Worldpay and FIS agree $35bn deal
May 2019 | DEALFRONT | MERGERS & ACQUISITIONS
Financier Worldwide Magazine
May 2019 Issue
US FinTech company Fidelity National Information Services Inc (FIS) has agreed to acquire payment processor Worldpay for $35bn in a deal which, when completed, will create the biggest company in the processing and payments industry.
The deal will see shareholders of UK-based Worldpay receive 0.9287 FIS shares and $11 in cash for each share of Worldpay held, a premium of about 14 percent based on the last day of trading before the deal was announced. Upon closing of the transaction, FIS shareholders will own approximately 53 percent of the new company and Worldpay shareholders will own approximately 47 percent. The deal is expected to close in the second half of 2019, pending customary closing conditions and regulatory and shareholder approval.
The total enterprise value of the transaction will be $43bn as FIS will assume Worldpay’s outstanding debt which, FIS has announced, will be refinanced.
Combined, FIS and Worldpay will have annual revenue of about $12bn and adjusted core earnings of around $5bn. The deal is expected to generate an organic revenue growth outlook of 6 to 9 percent through 2021, and $700m of total core earnings savings over the next three years. Furthermore, the companies expect to generate $500m of revenue savings and aim to deliver nearly $4.5bn of free cash flow in three years.

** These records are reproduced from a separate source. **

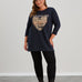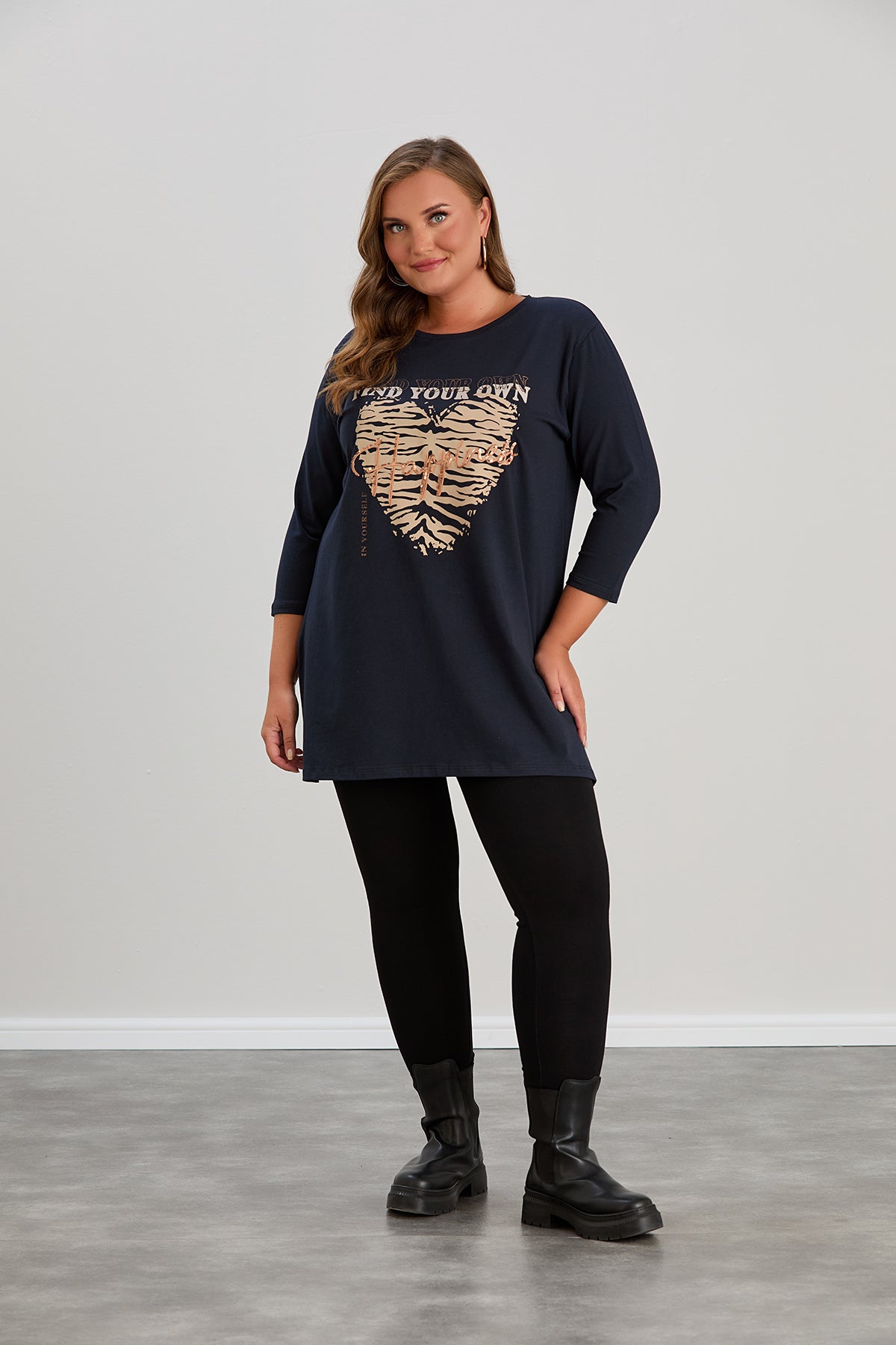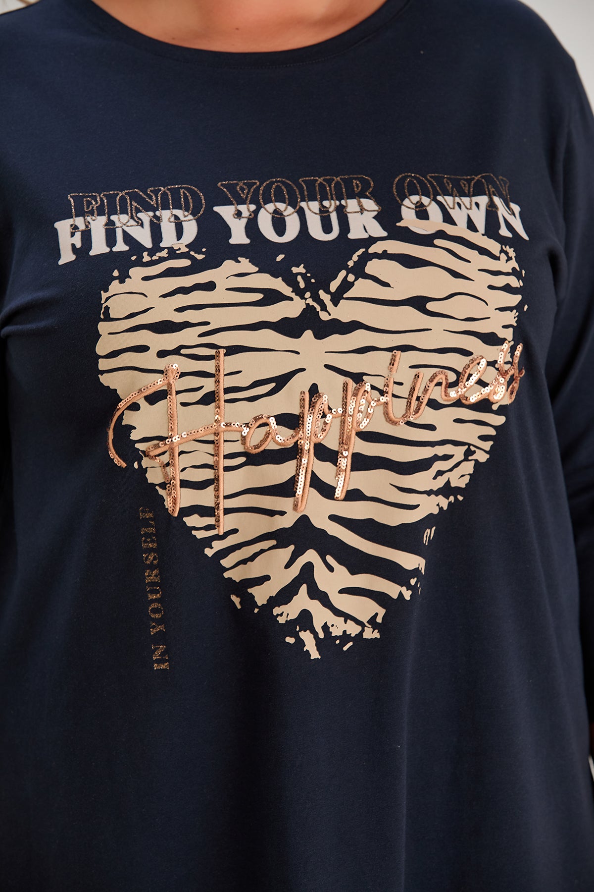 Дамска памучна туника с щампа "Happiness" - тъмносиня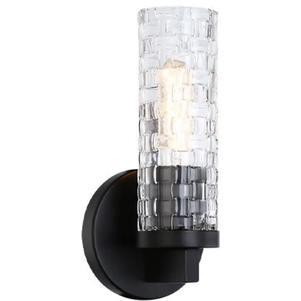 Conor 1-Light Bath Sconce, Black With Clear Shade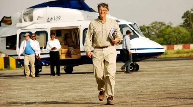 11. Билл Гейтс на фоне частного вертолёта во время визита в Кению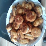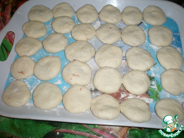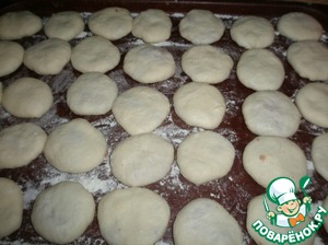 Выкладываем на противень, посыпанный немного мукой. Они сразу же начинают подходить.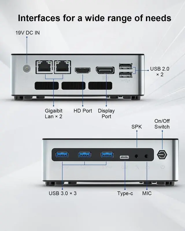 1 * Mini desktop computer; 1 * 19V Power adapter; 1 * HD cable (as gift).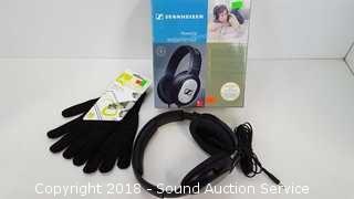 Sennheiser HD201 Over the Ear Headphones, Comes with original box. Gloves are size medium/large. Condition of items sold - The auctioneer shall not be responsible for the correct description, authenticity, genuineness of, estimated selling price of, or defect in any lot, and makes no warranty in connection therewith. No allowance will be made or sale set aside on account of any incorrectness, error in cataloging, or any imperfection not noted. No deduction will be allowed on damaged articles as all goods being exposed for public exhibition are sold “as is” and without recourse. All measurements and sizes - are approximate. Claims - No claims will be allowed after goods are removed from premises. All lots - to be sold AS IS, WHERE IS. ALL SALES FINAL, WE DO NOT ACCEPT RETURNS.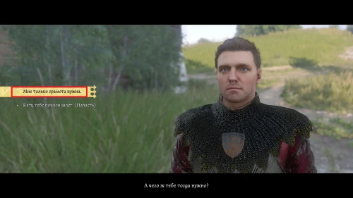 Как только вас заметит кто-либо из солдат, начните с ними диалог. Чтобы получить грамоту, выбирайте следующие реплики, которые мы отметили ниже.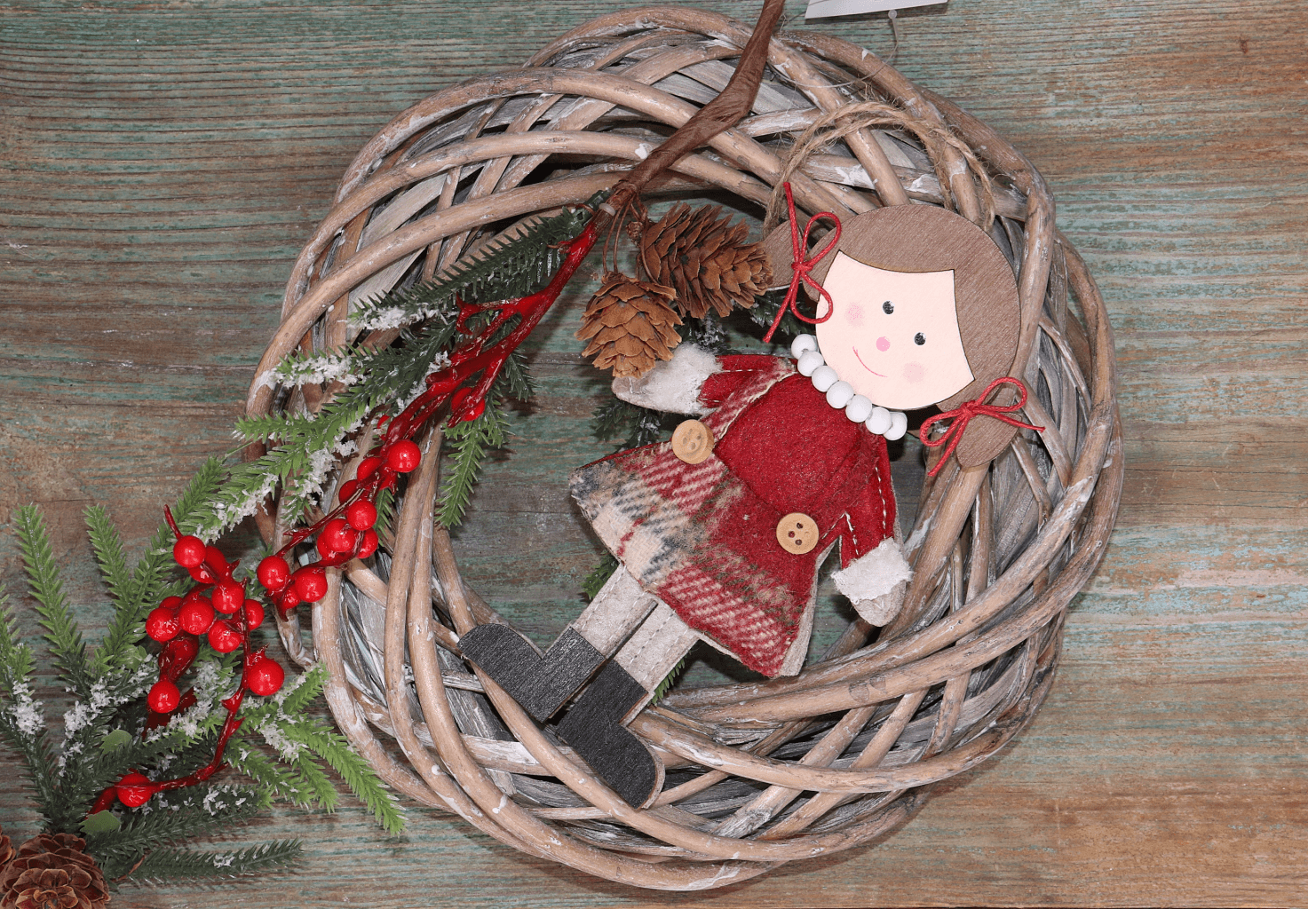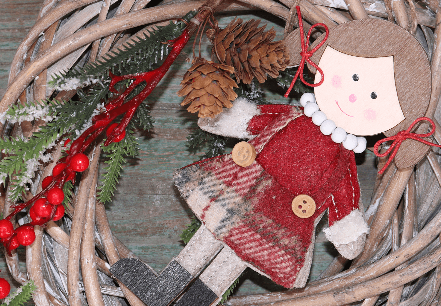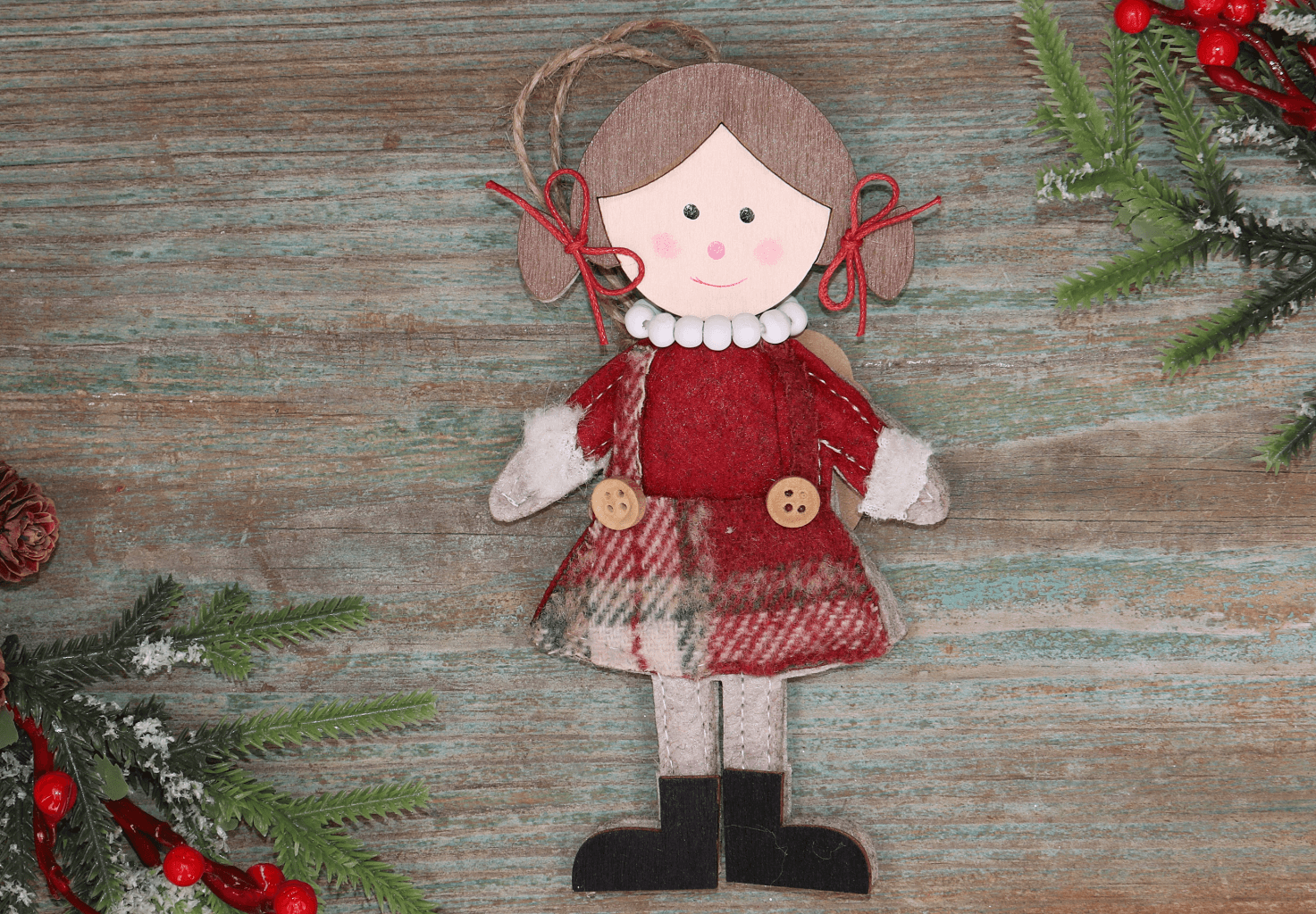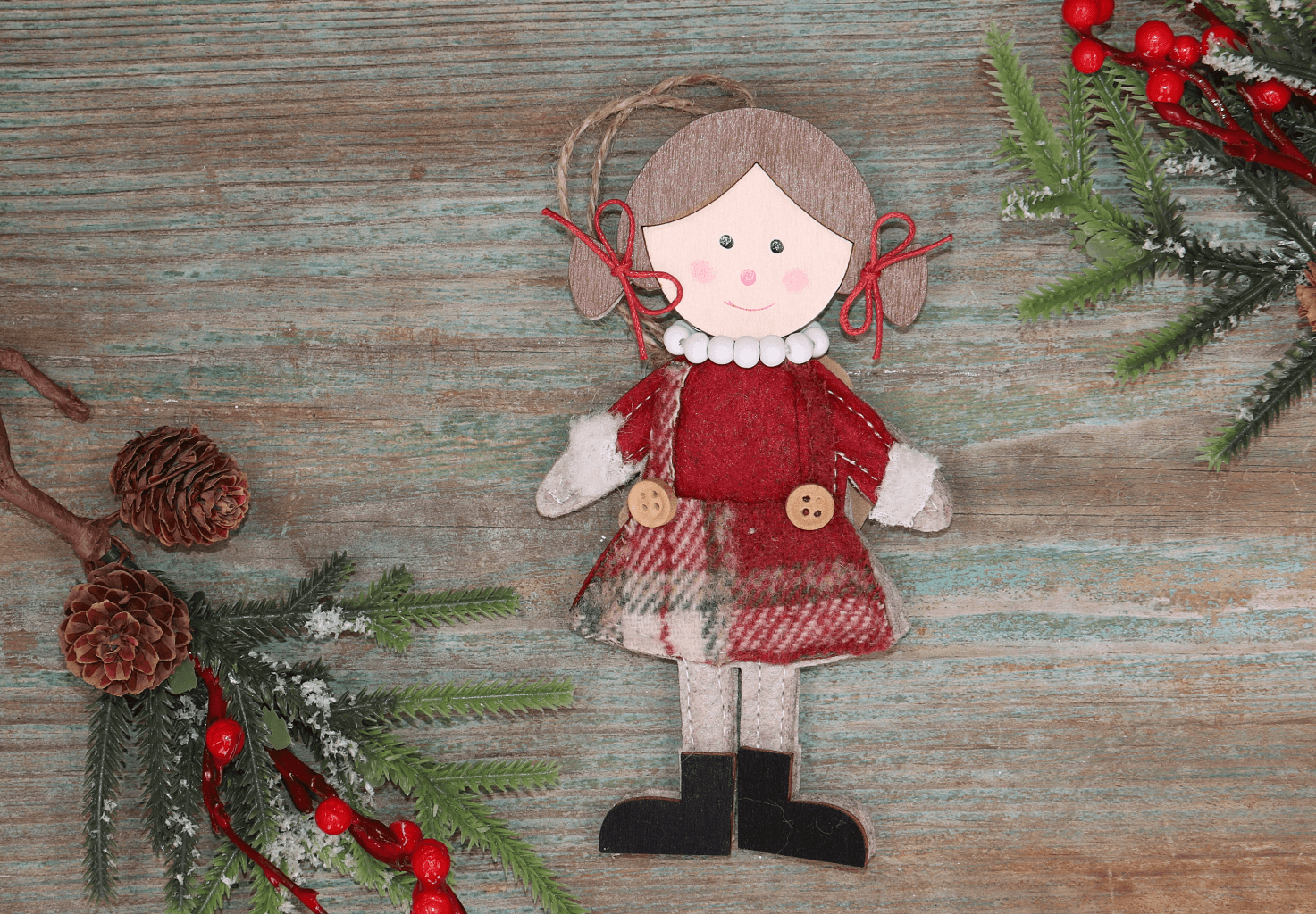 Urocza zawieszka świąteczna w kształcie dziewczynki to wyjątkowa dekoracja, która doda Twojemu wnętrzu przytulnego klimatu na czas Świąt Bożego Narodzenia. Postać została wykonana z połączenia drewna i miękkiej tkaniny, co nadaje jej naturalny wygląd i wyjątkowy urok. Dziewczynka ubrana jest w ciepłą spódniczkę w kratę, sweterek z białymi mankietami oraz ozdobne kokardki przy kucykach. Zawieszka idealnie sprawdzi się na choince, w oknie lub jako uroczy dodatek do prezentu. Świetna do wnętrz w stylu rustykalnym, skandynawskim i vintage.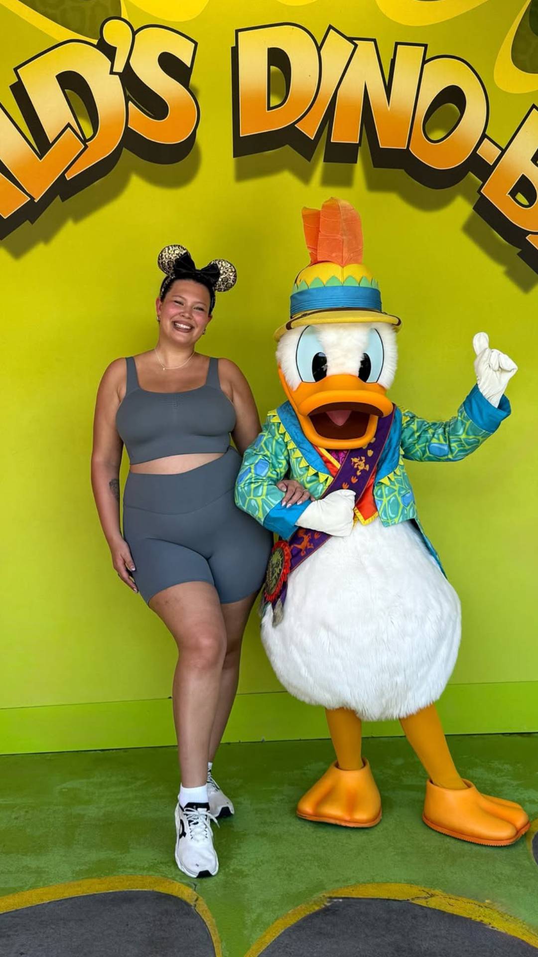 La influencer posó con el Pato Donald, icónico personaje de Disney, y además, mostró los diversos tonos de verdes que existen en la naturaleza del parque temático.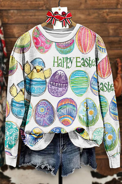 Vintage Easter Bunny Print Sweatshirt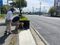 事故現場そばの歩道に花を供える星伸一さん、ひろみさん夫妻(筆者撮影)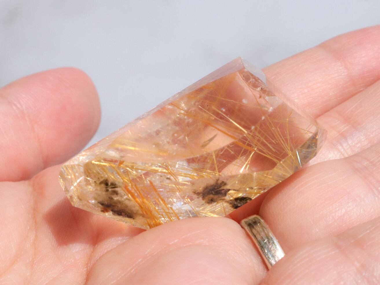 このこは、とても透明度が良いクォーツの中に、艶々のゴールドルチルがたくさん確認出来ます✨✨✨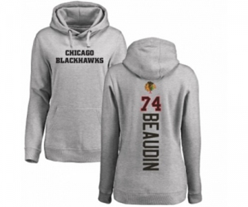 NHL Women Adidas Chicago Blackhawks #74 Nicolas Beaudin Ash Backer Pullover Hoodie

Upon closing, the combined company’s board of directors will consist of 12 members, seven of whom will come from FIS’ board and five from Worldpay’s. Gary Norcross will remain as FIS chairman, president and chief executive. Charles Drucker, Worldpay’s current executive chairman and chief executive, will serve as the executive vice-chairman of the board. The combined company will retain the FIS name and be headquartered in Jacksonville, Florida.
The merger is the biggest deal announced in the electronic payments industry to date. It comes as ever more consumers utilise digital payments rather than cash. Worldpay, the companies noted in a press release, processes over 40 billion transactions annually, supporting more than 300 payment types across more than 120 currencies. FIS’ largest competitor, Fiserv, recently acquired First Data, a payments rival to Worldpay, for around $22bn. In 2018, PayPal Holdings acquired iZettle for $2.2bn and private equity firms bought European firms Nets and Paysafe Group. According to the Boston Consulting Group, the payments industry is expected to be worth $2.4 trillion by 2027.
“Scale matters in our rapidly changing industry,” stated Mr Norcross. “Upon closing later this year, our two powerhouse organisations will combine forces to offer a customer-driven combination of scale, global presence and the industry’s broadest range of global financial solutions. As a combined organisation, we will bring the most modern solutions targeted at the highest growth markets. The long-term value we will create for clients and for shareholders will set the bar in our industry and will create a range of new career opportunities for our employees. I have never been more excited about the future of FIS.”
“At Worldpay, our focus has always been on delivering more value to our clients and partners and making decisions that achieve our growth and performance objectives,” said Mr Drucker. “Combining with FIS helps us accelerate the achievement of that, now benefitting from new scale and capabilities that will truly differentiate the company globally. We are proud to become part of one of the financial services industry’s most respected and consistently performing companies, and I am excited about the new opportunities this brings both for the business and our colleagues worldwide.”
WorldPay was sold by Royal Bank of Scotland in 2010 as a condition of the bank’s bailout following the financial crisis. The company was sold to private equity firms Advent International and Bain Capital for £2bn, with RBS retaining a 20 percent stake – which was sold in 2013 – before the company floated on the London Stock Exchange in 2015.